_Problem requirements_: Please set down each record exactly as it appears, but leave out any pictures.

_Supplied records_:
════════════════════

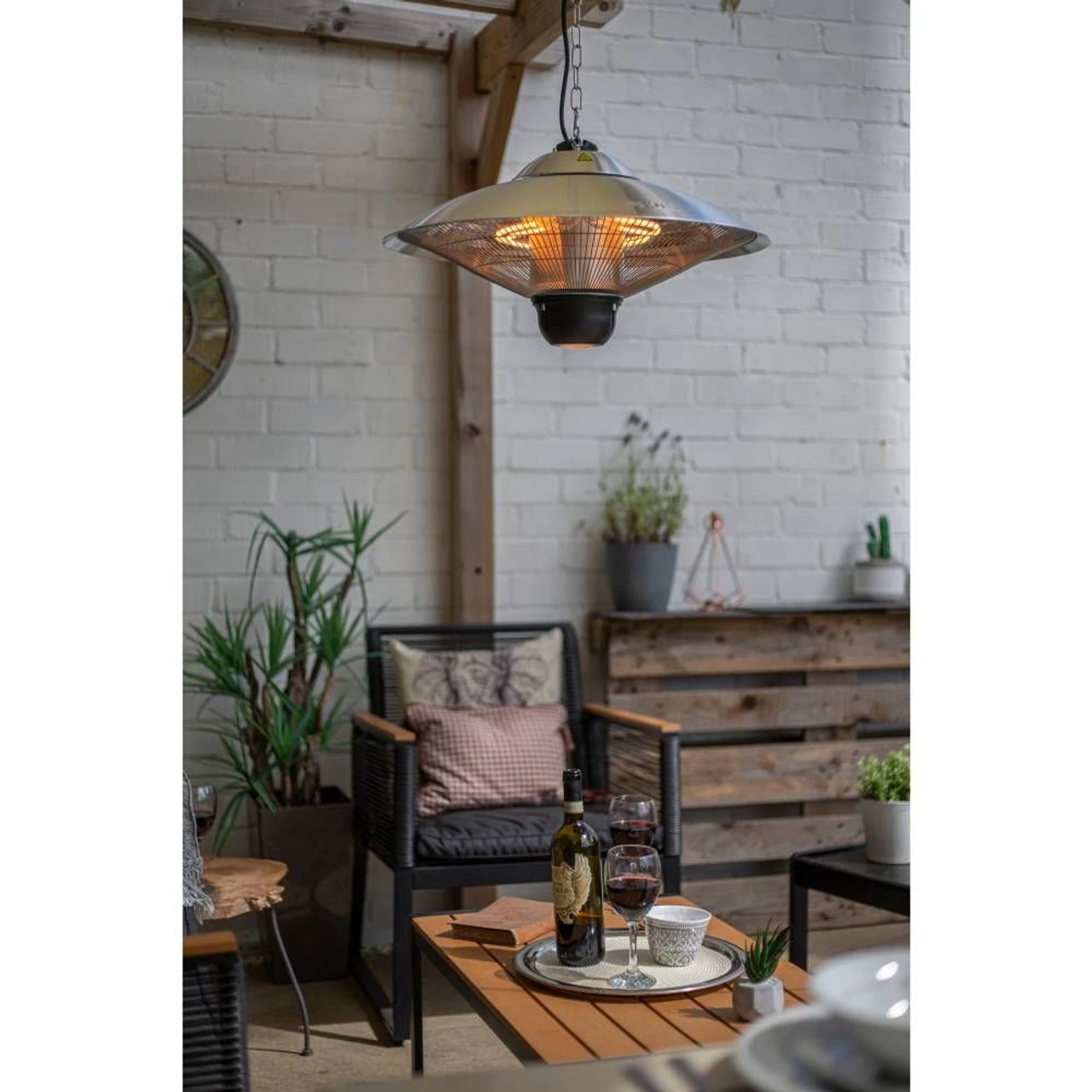 Ideal if you have a pergola or gazebo, this Hanging Heater can be attached from a rafter and efficiently heat the people below. With its attractive silver finish, built-in LED light and remote control operation, this heater offers great value for money.
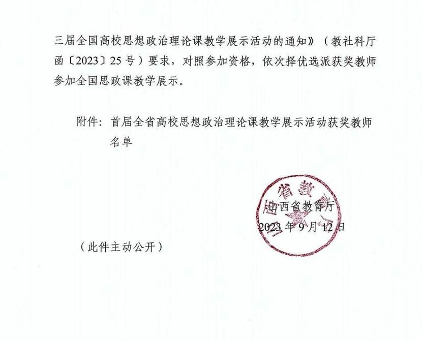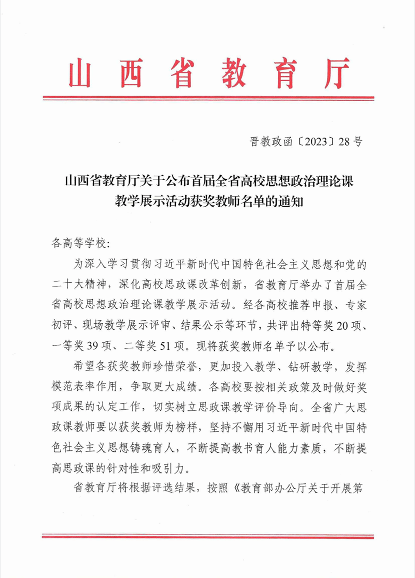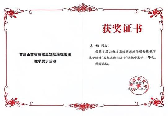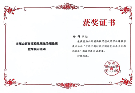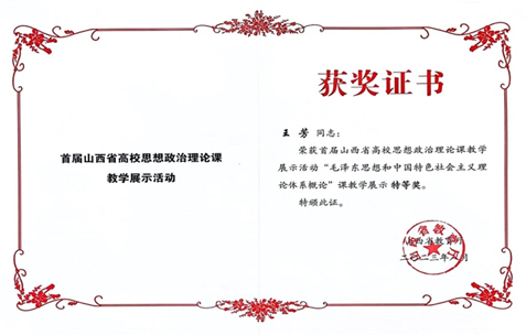 为深入学习贯彻习近平新时代中国特色社会主义思想和党的二十大精神,深化高校思想政治理论课改革创新,提升思想政治理论课教育教学质量和水平,山西省教育厅于2023年6月开始,开展首届全省高校思想政治理论课教学展示活动。本次教学展示活动分本科组、高职高专组、研究生组,共包含9门课程。展示活动分两个阶段,第一阶段经过学校遴选推荐教师、制作上传教案、课件、说课视频、教育厅组织专家初评等环节,挑选出现场教学展示的教师名单;第二阶段是现场教学展示环节,教师随机抽取讲授专题并对其中的一个重难点问题进行讲解,评委现场打分等。最后共评出特等奖20项、一等奖39项、二等奖51项。
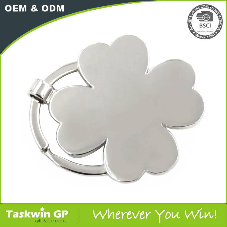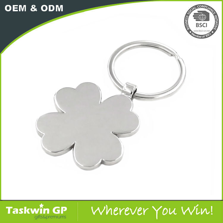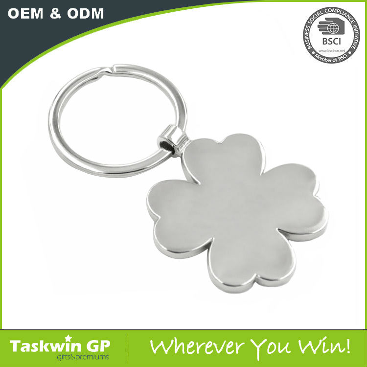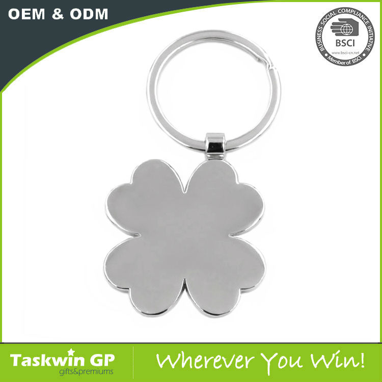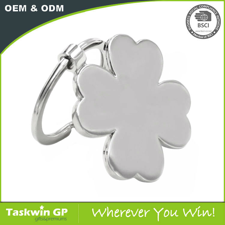 This keychain features a four leaf clover design and has shiny metallic exterior. It has a round split ring and can be attached to keys to keep them organized. The keychain flaunts a high quality and is excellent for promotional use.
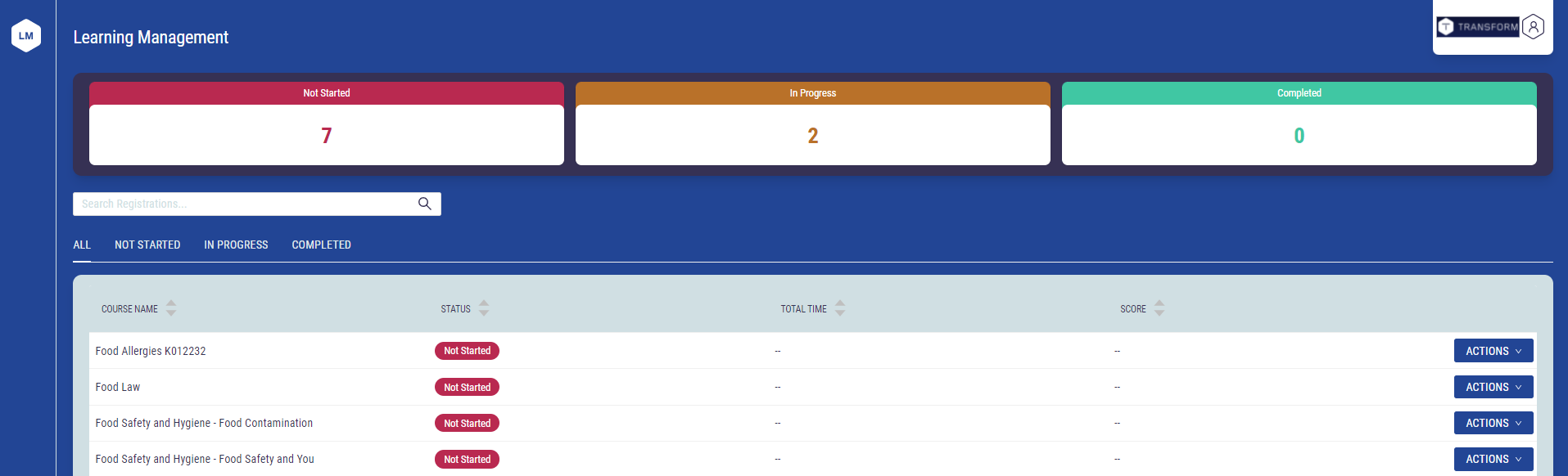 The first screen you will see once you open the Learning Management System is the dashboard, this will show you the following:
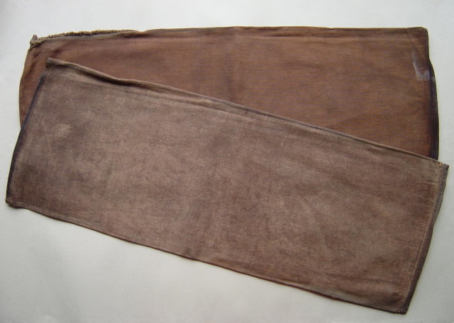 木綿の袋に、丹念に柿渋を染みこませ、何年もの間酒絞りに使用した風合いのある逸品です。 この袋を使って作ったこれは、私の自慢の品です。 この度、蔵の天井を修理する際、天井裏より大量に発見いたしました。 もしもご入用の方がいらっしゃいましたら、メールでお問い合わせください。 |

════════════════════

_Result below_:
 Ideal if you have a pergola or gazebo, this Hanging Heater can be attached from a rafter and efficiently heat the people below. With its attractive silver finish, built-in LED light and remote control operation, this heater offers great value for money.
 为深入学习贯彻习近平新时代中国特色社会主义思想和党的二十大精神,深化高校思想政治理论课改革创新,提升思想政治理论课教育教学质量和水平,山西省教育厅于2023年6月开始,开展首届全省高校思想政治理论课教学展示活动。本次教学展示活动分本科组、高职高专组、研究生组,共包含9门课程。展示活动分两个阶段,第一阶段经过学校遴选推荐教师、制作上传教案、课件、说课视频、教育厅组织专家初评等环节,挑选出现场教学展示的教师名单;第二阶段是现场教学展示环节,教师随机抽取讲授专题并对其中的一个重难点问题进行讲解,评委现场打分等。最后共评出特等奖20项、一等奖39项、二等奖51项。
 This keychain features a four leaf clover design and has shiny metallic exterior. It has a round split ring and can be attached to keys to keep them organized. The keychain flaunts a high quality and is excellent for promotional use.
 The first screen you will see once you open the Learning Management System is the dashboard, this will show you the following:
 木綿の袋に、丹念に柿渋を染みこませ、何年もの間酒絞りに使用した風合いのある逸品です。 この袋を使って作ったこれは、私の自慢の品です。 この度、蔵の天井を修理する際、天井裏より大量に発見いたしました。 もしもご入用の方がいらっしゃいましたら、メールでお問い合わせください。 |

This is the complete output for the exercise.